An ocean apart on defense

April 30, 2002|By Borut Grgic and Alan Isenberg

WASHINGTON - The trans-Atlantic partnership has taken a step backward.

With a few exceptions, camaraderie following the Sept. 11 attacks has faded, and what was viewed as an opportunity for multilateralism and cooperation has given way to new bickering and tension.

The Europeans are openly annoyed with what they perceive as American simplicity and obsession with military might, while the Americans are growing tired of a "toothless" Europe timid in its engagement abroad.

The tensions do not come without precedent. But their significance and severity have become uncomfortably caustic in the post-Sept. 11 world.

Why? To begin with, the two sides see today's threats differently. Whereas two-thirds of America suffered sleepless nights in the months after Sept. 11, only 18 percent of the citizens of the European Union saw future terrorist attacks as "certain," according to Eurobarometer, the official EU polling service.
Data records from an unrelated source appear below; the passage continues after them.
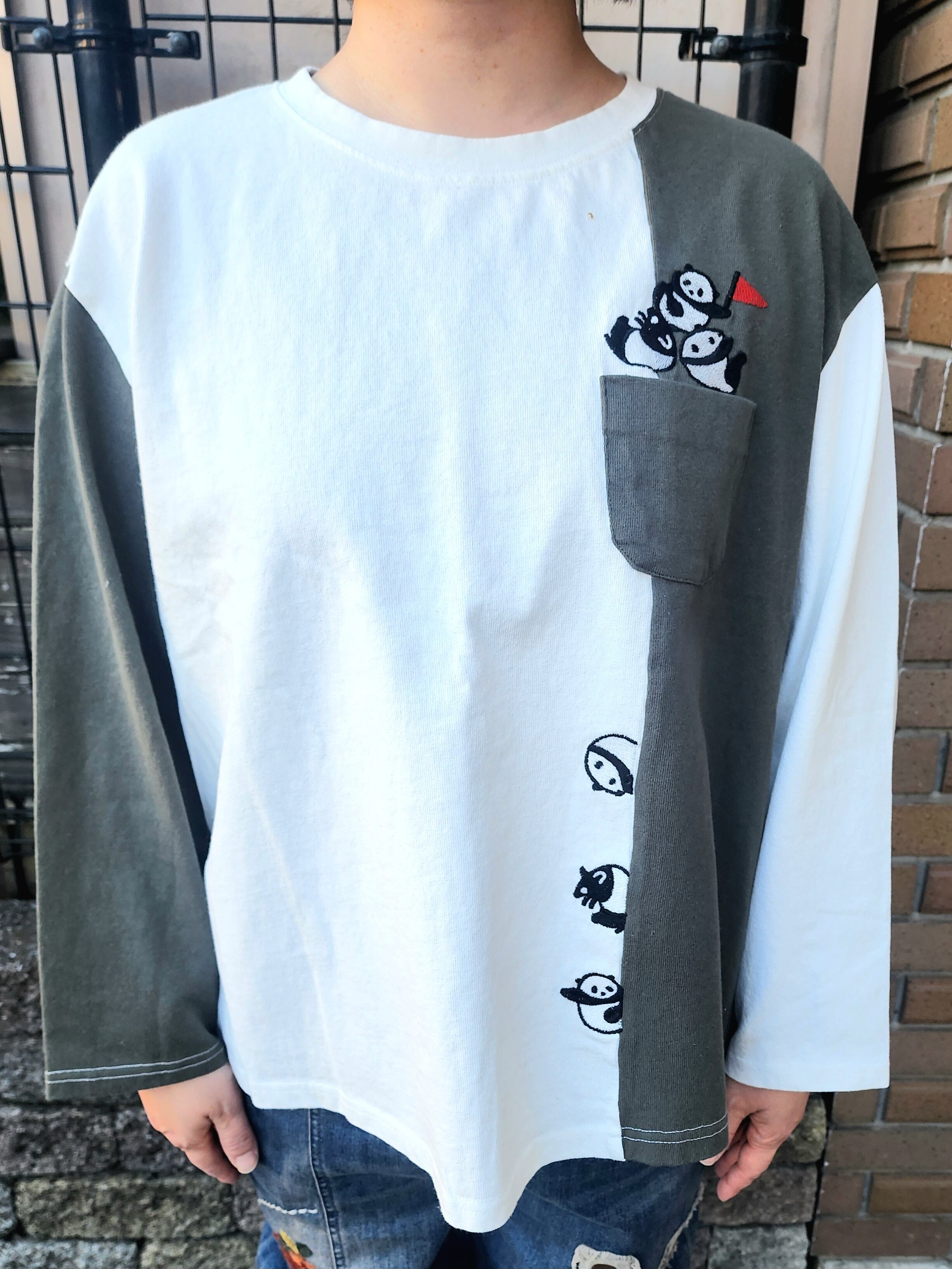 バイカラーの動物たちに合わせたバイカラーのプルオーバーで、ユーモアあふれる一枚。
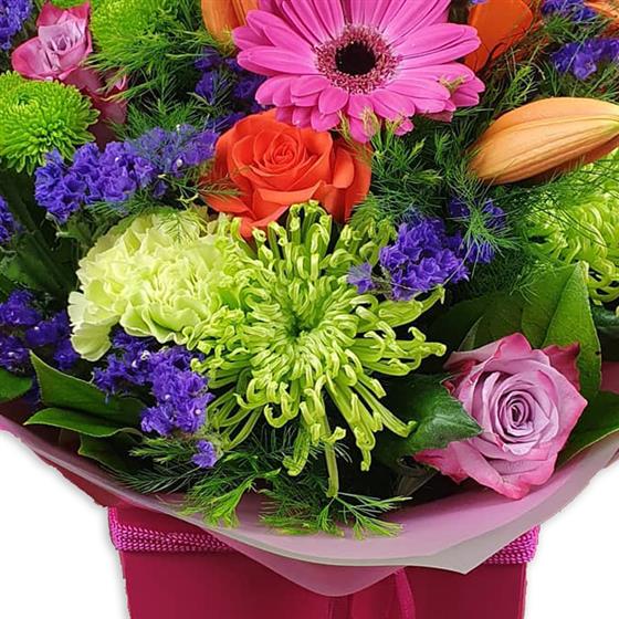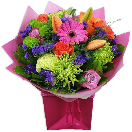 A bold and cheerful flower bouquet combining vibrant pinks, fresh greens and warm orange tones. Designed with gerbera, roses and lilies, finished with textured blooms and foliage for a lively, eye-catching display.
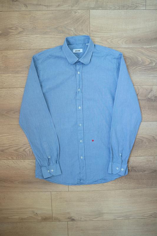 Продам фірмову чоловічу сорочку Moschino.Розмір М. Стан відмінний,ніяких дефектів немає,виглядає дуже стильно.Заміри:ширина під пахвами:52см.,плече:15см.,рукав:64см.,довжина по спині:76см.,плечі:43см.
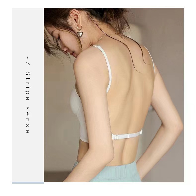 Women Sexy Backless Bra Thin Cup Bra Female Wireless Push Up Lingerie Deep U Low Back Thin Cup Bralette
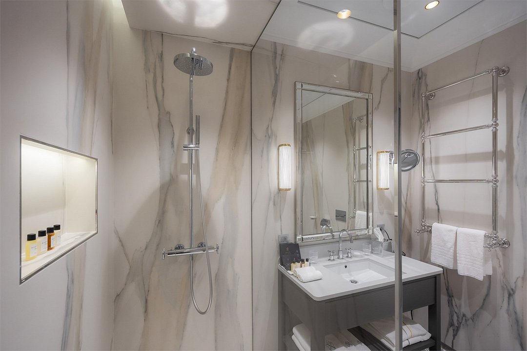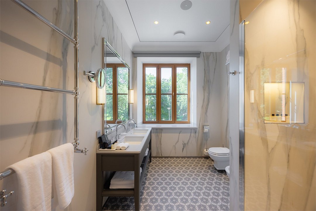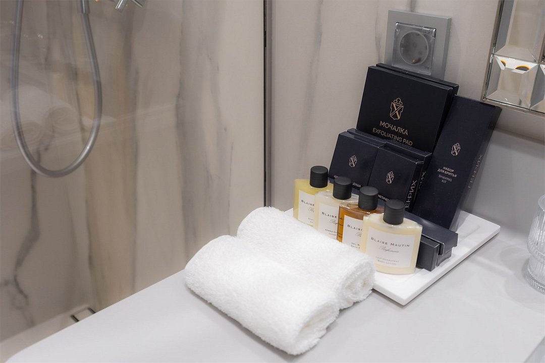 Wi-Fi, кондиционер, фен, биде, халаты, банные полотенца, тапочки, косметические средства, кровать «King size», кресла, тумбы, гардеробная, журнальный столик, письменный стол, мини-бар, сейф, чайник, душ, вид на реку, паркет, телевизор с плоским экраном, номер для некурящих, пуфик, система умный дом, веранда, затемняющая штора, без питомцевВ гостиничном номере
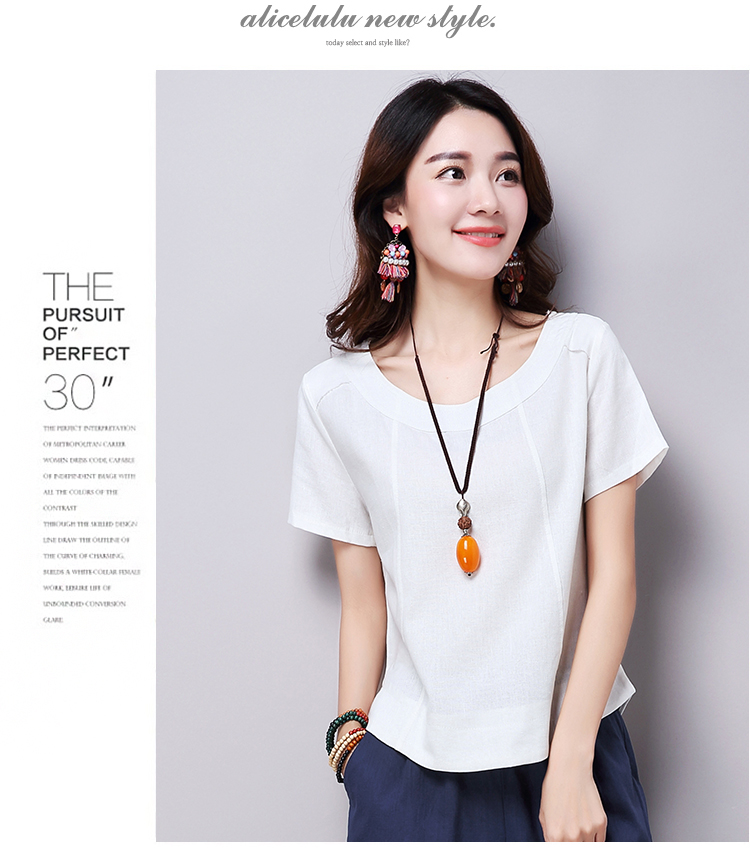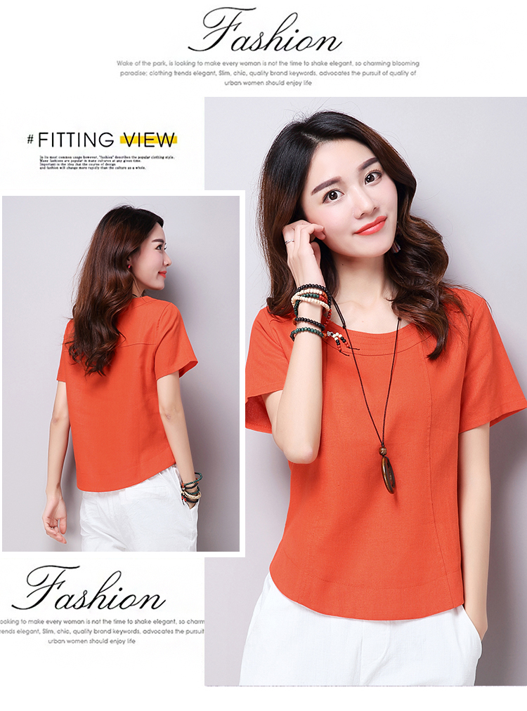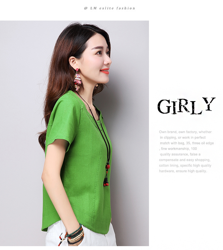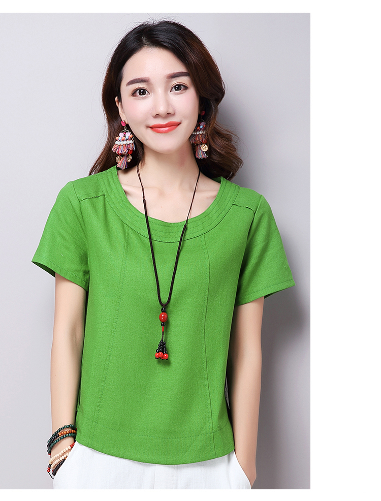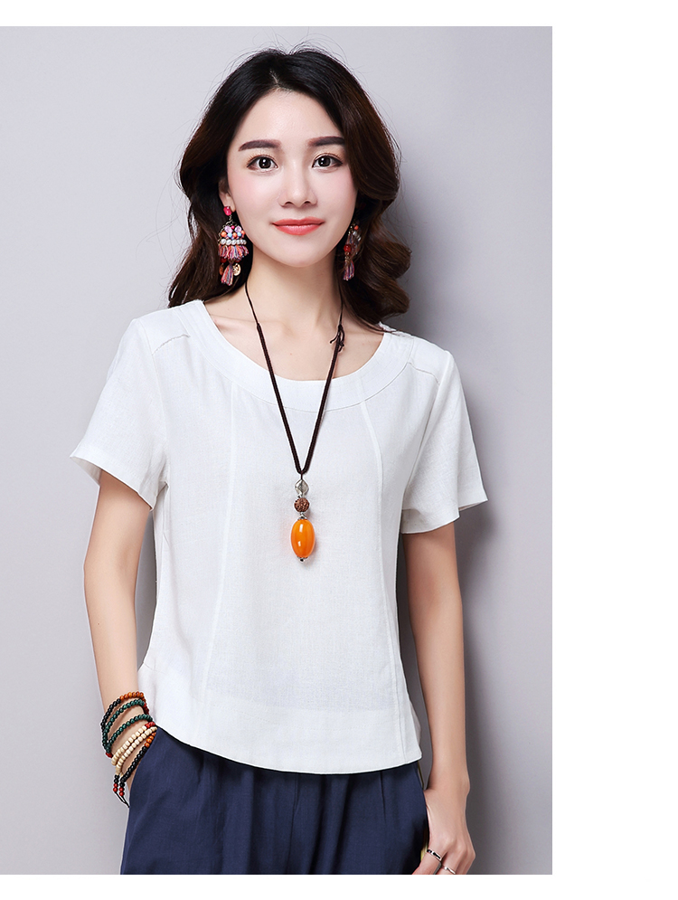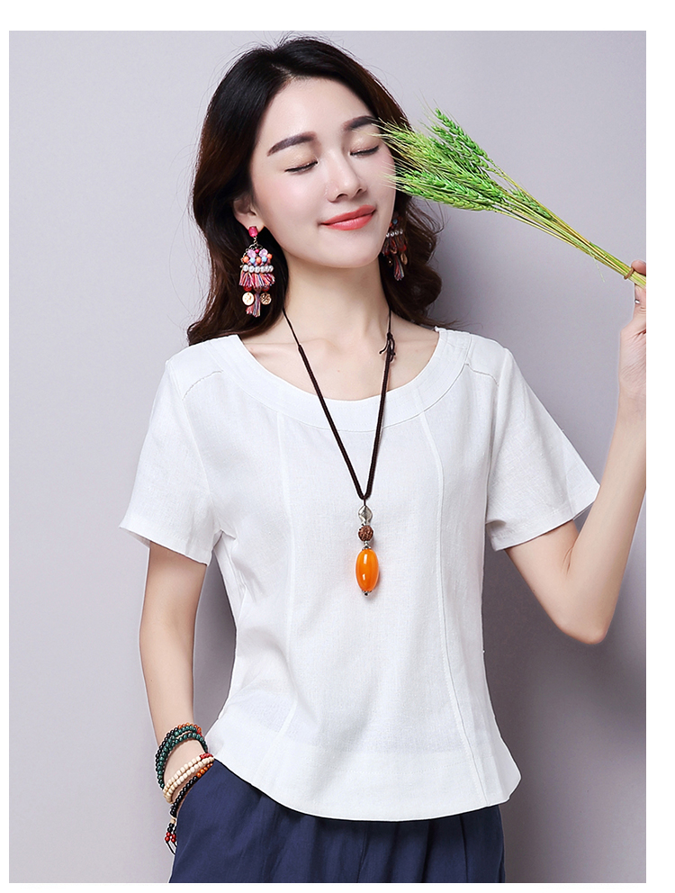 2019夏裝新款韓版文藝復古女裝棉麻短袖T恤 舒適透氣亞麻上衣顯瘦1入

For the Europeans, Sept. 11 doesn't measure up to the Soviet menace; for Americans, it was almost worse.

Where the United States attempts to eradicate the sources of its vulnerability, Europe seeks to engage them economically and politically and, in doing so, to mitigate the threats. Europe considers the intentions of its foes, whereas America assesses their capabilities.

Europe looks at intentions, America argues, because it lacks the might to take a capabilities-oriented strategic position. America looks at capabilities, says Europe, because it is too trigger-happy to see the bigger picture.

Historically, Europeans are suspicious of grandiose claims that technological leaps forward will make a significant difference in their security. During the Cold War, Europe relied increasingly on U.S. protection beyond the continent, focusing its energies inward and building armies for territorial defense. Power projection was seen as the "stuff better left to the Americans." Consequently, European strategic horizons narrowed.

Where Europe's high prime on fostering "civil society" leads to security initiatives that favor dialogue, dM-itente and material incentives, America opts for might.

Americans go far abroad to protect and promote their vital interests, and military action is frequently the tactic of choice. That means linking terrorism to weapons of mass destruction and perceiving the development of such weapons by rogue state actors as a direct existential threat. That means - despite European objections - removing Saddam Hussein.

So when Europe refuses to spend on defense, Americans roll their eyes and spend for them; the United States accounts for 40 percent of defense spending in the world.

Moreover, America spends better than Europe: Total EU defense expenditures account for half of what America spends, but the Europeans get only one-tenth of American capabilities - a 10 percent bang for a 50 percent buck. Where Europe's research and development spending is in decline (2 percent over the last year), the Pentagon budget for next year includes a $5.4 billion (or 10.9 percent) increase in its research allowance.

This status quo, with Europe as the whiny child and America as the bullying sheriff, is no longer strategically feasible. Europe is losing its power to affect American decisions. America wants to work with its allies but is more willing than ever to go it alone in the face of continued European military weakness.

The strategic gap will never be closed, but this may be our last chance to build a bridge over it. Here's what it takes to build it:

Europe simply must have - as soon as possible - command, control and communications systems that are interoperable with U.S. counterparts, and other technological improvements, such as precision-guided munitions and an independent global positioning system.

America, in turn, must do more to facilitate "the process of European defense modernization. By easing unnecessary restrictions on technology transfer and industrial cooperation, Washington can improve the quality of the capabilities available," NATO Secretary-General George Robertson said recently.

The United States also must do a better job of assuring Europe that its efforts will result in greater decision-making ability, and must recognize the valuable contributions that Europe already makes - an area in which President Bush has not done as well as he could.

Europe will spend, but it needs a stake in the profits. America will listen, but only to a partner with teeth.

Borut Grgic and Alan Isenberg are on staff at the Center for Strategic and International Studies in Washington.